RE: Java I18N

Because of the structure of its symbols, Moon presents significant 
disadvantages over Braille in terms of digital representation. Braille's 
dotted form is easily represented using an electronic device -- I have a 
good friend who uses a Braille screen reader and I'm amazed at the speed 
of both the device and his fingers. The combination of curved and straight 
lines in Moon would be significantly harder to engineer for digital 
purposes. Even if you could do this, I can't see it ever being as fast as 
Braille.
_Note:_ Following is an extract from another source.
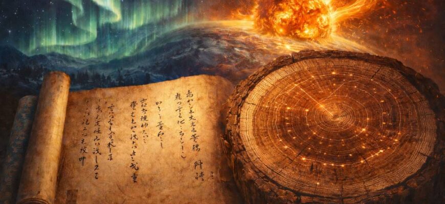 Річне кільце дерева, яке росло у Японії у 1201 році, виявилося точнішим «детектором» сонячного шторму, ніж будь-який прилад тієї епохи. Деревина зберегла радіоактивний слід, невидимий оком, — і пролежала в ґрунті 800 років, чекаючи, поки людство навчиться її «читати». Ліс виявився найстарішою сонячною обсерваторією на Землі.

A Braille reader could follow hyperlinks, but once the text is 
embossed, the representation becomes fixed and flat.

Printed, non-embossed Moon can't be read by the intended audience so that 
doesn't seem to be a true representation of the script.  However,  the 
characters could be encoded for applications that later emboss Moon onto 
paper like the one I referenced.  So yes, you're right. I can see a reason 
for standardized encodings.

Karen





"Kent Karlsson" <kent.karlsson14@comhem.se> 
10/31/2006 11:04 PM

To
<Karen_Broome@spe.sony.com>
cc
"'Addison Phillips'" <addison@yahoo-inc.com>, "'Dave Pawson'" 
<dave.pawson@gmail.com>, "'I18N'" <www-international@w3.org>
Subject
RE: Java I18N






Karen_Broome wrote:
This raises an interesting point.  Unlike Braille, the script is not 
encoded and likely won't be as this script doesn't lend itself well to 
digital representation, 
Why? It seems to lends itself as much (or as little) to digital 
representation as Braille does. Indeed, I would suggest using private use 
code points in Unicode to represent the Moon characters (until they are 
encoded). If someone makes a proposal document, I don't see any a priori 
reason for not encoding Moon characters.